Financial experts discuss the ongoing recovery in the power industry, and whether better times will live up to investor expectations.
Richard Stavros is the executive editor of Public Utilities Fortnightly.
What next? That seems to be the question on every utility executive's mind. After two years of stomach-wrenching ratings downgrades, agonizing downward valuations, embarrassing accounting scandals, skyrocketing gas prices, and positively stubborn mild weather, or the "perfect storm," as many have called it, many believe the worst is now over.
But will the the recovery be worth the wait?
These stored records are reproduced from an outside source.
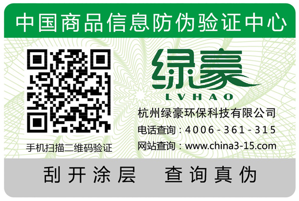 杜絕假貨冒充,綠豪產(chǎn)品外包裝貼有這個(gè)標(biāo)簽,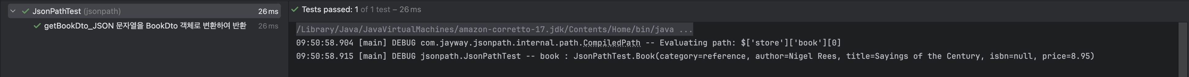 JSONPath를 사용하여 첫 번째 책의 정보를 Book 객체로 변환하고 이를 검증합니다.@DisplayName("getBookDto_JSON 문자열을 BookDto 객체로 변환하여 반환") @Test void testGetBook() { // Given String jsonPath = "$.store.book[0]"; // When // JSON 문자열을 Book 객체로 변환 Book book = JsonPath.parse(json).read(jsonPath, Book.class); log.debug("book : {}", book.toString()); // Then assertAll( () -> assertNotNull(book), () -> assertEquals("reference", book.getCategory()), () -> assertEquals("Nigel Rees", book.getAuthor()), () -> assertEquals("Sayings of the Century", book.getTitle()), () -> assertEquals(8.95, book.getPrice()) ); }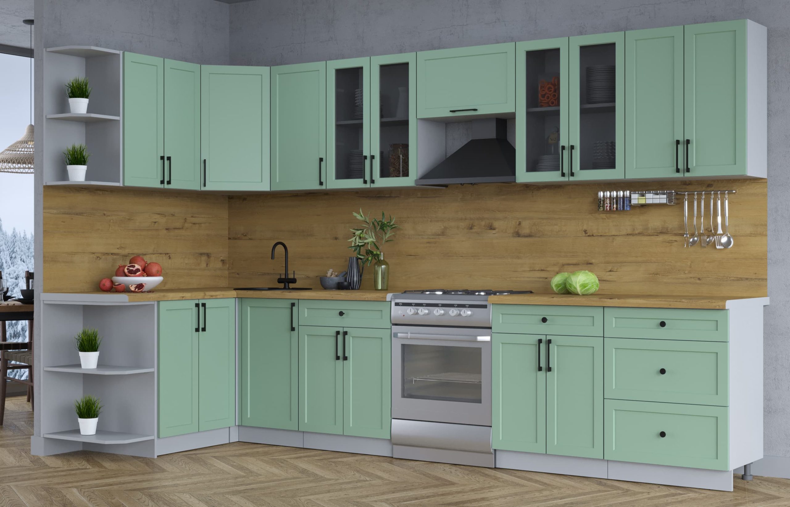 ГОТОВАЯ КУХНЯ ТРЕНД SOFT-TOUCH 1,5Х3,4 (МЯТА/ МЯТА) - Yuta.by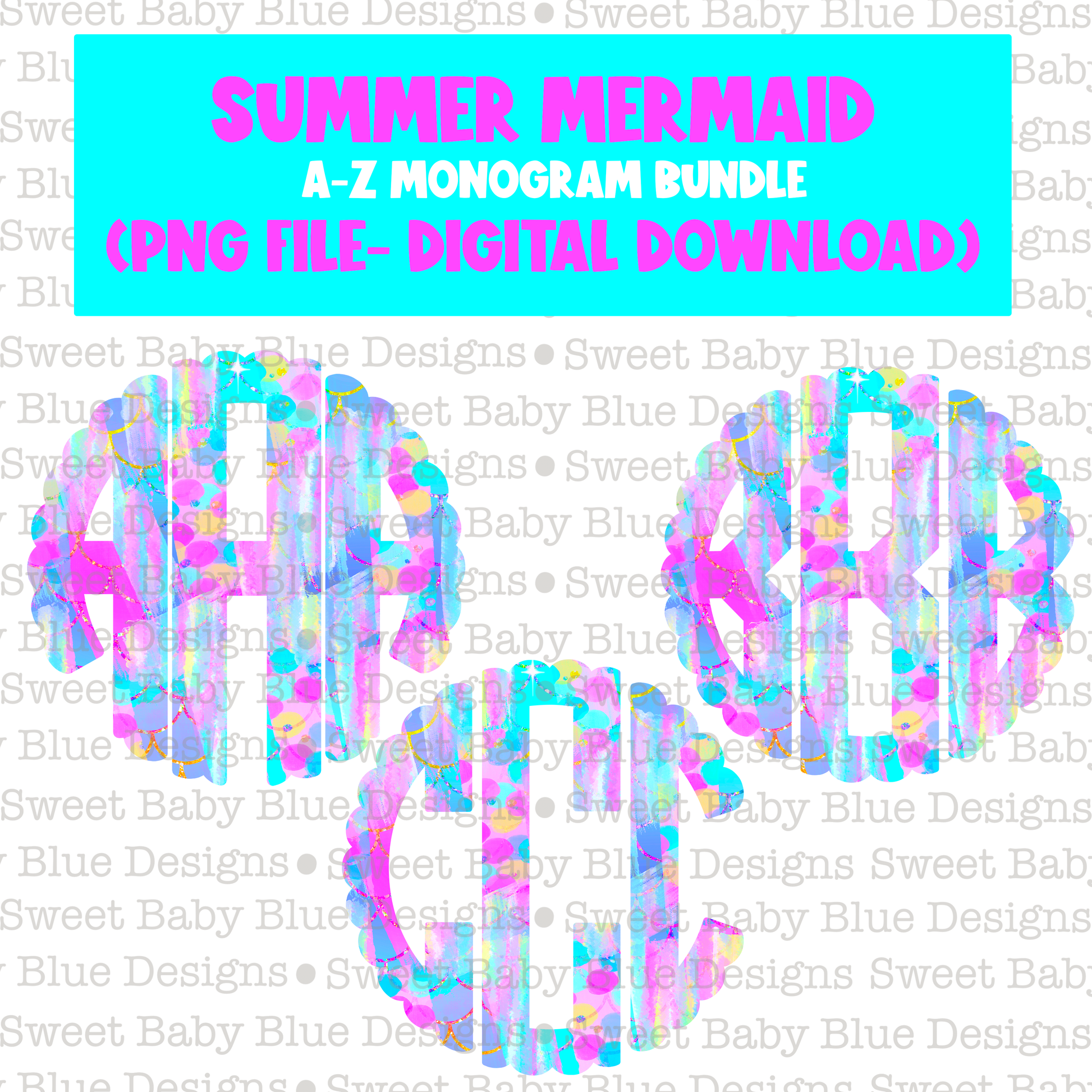 Summer Mermaid- Monogram Bundle- 2021- PNG file- Digital Download

On the plus side, the Northeast blackout of two months ago failed to slow the recent recovery. It came on the heels of a booming stock market, lower interest rates, and a strong winter heating season that helped utilities stabilize credit ratings and turn in a fairly strong second quarter. The dividend tax repeal added still more good news, helping to drive up the Dow Jones Utility Index by double-digit percentages.
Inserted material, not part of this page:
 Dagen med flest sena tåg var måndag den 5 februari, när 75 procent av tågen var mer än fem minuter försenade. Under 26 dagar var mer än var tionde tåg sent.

If anything, the Blackout may give cover for power executives seeking to invest in infrastructure as part of a back-to-basics strategy.
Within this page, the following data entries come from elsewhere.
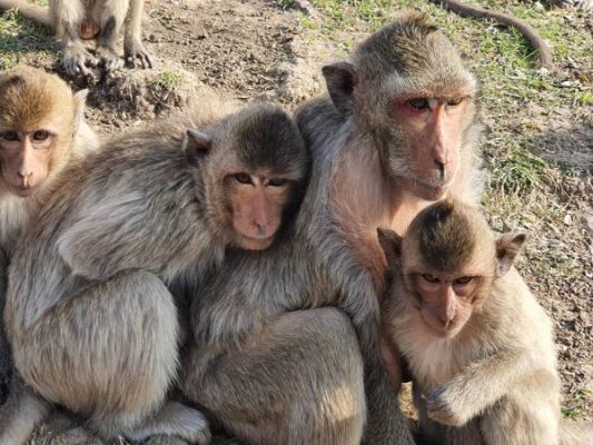 ลพบุรีอากาศหนาวเย็นตั้งแต่รุ่งสาง ฝูงลิงลพบุรีนับพันตัว ทั้งฝั่งพระปรางค์สามยอด กับฝั่งศาลพระกาฬ และลิงตึก หลบลมหนาวไม่ออกมากินอาหารเช่นทุกวัน พอถึงตอนสายพ่อแม่ก็พาลูกน้อย ออกมานั่งกอดกัน รับความไออุ่นจากแสงแดด
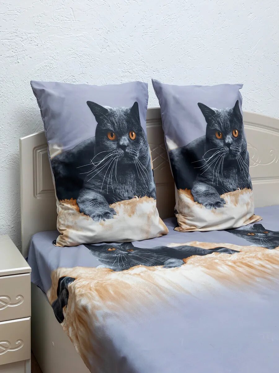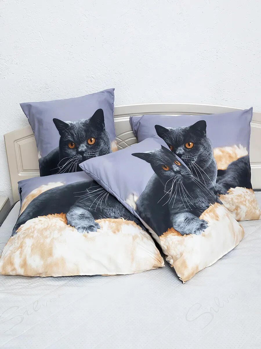 Наволочки от "avika", 70 x 70 см, полисатин, с рисунком, 2 шт./уп, "Котики" интересное: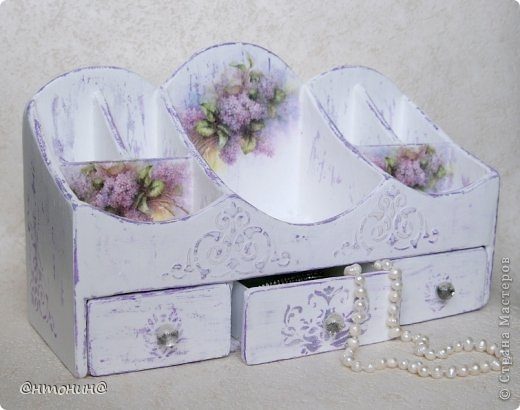 сделан декупаж на стенках камодика из салфеток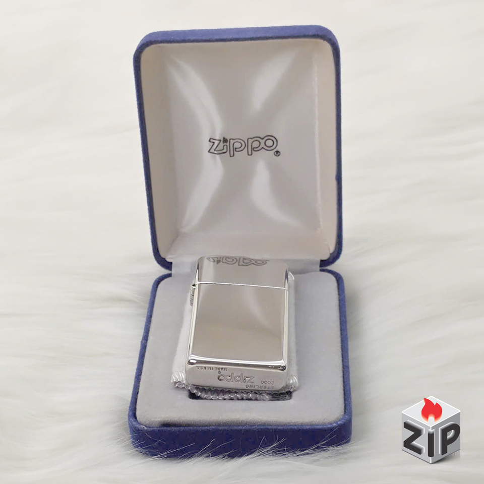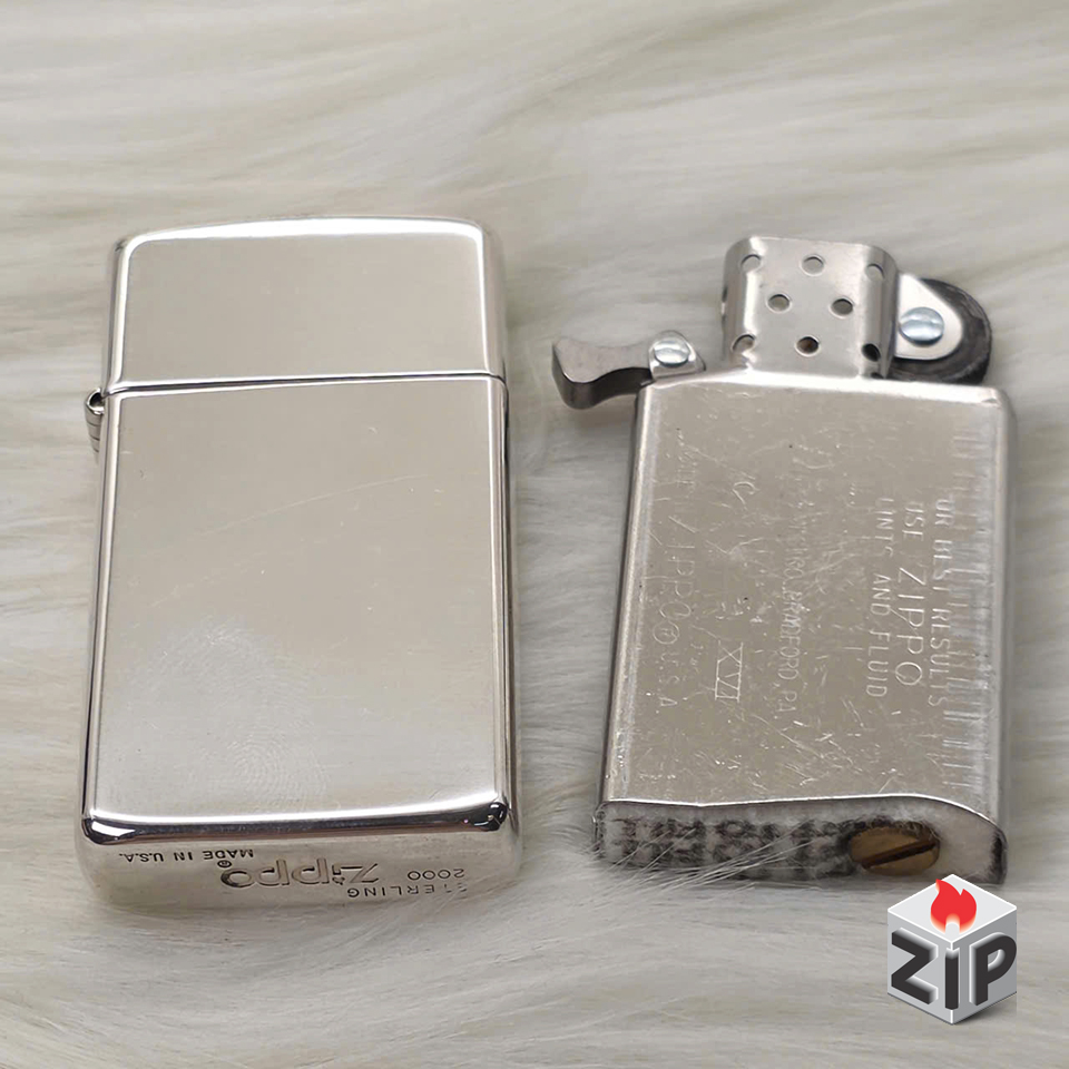 Zippo Slim Bạc Khối Sterling Trơn HP New Full Box – 2000

Yet many executives still urge caution. Just ask Northwestern, which filed for bankruptcy in mid-September, or PG&E Corp., who at press time was dealing with the bankruptcy of its wholesale merchant unit, even as its regulated utility begins to emerge from insolvency, pending regulators' approval of the company's reorganization plan in December. Allegheny Energy, another investor-owned utility, was still flirting with bankrupty at last look. Analysts say the company has much to do to improve its balance sheet and restore investor confidence.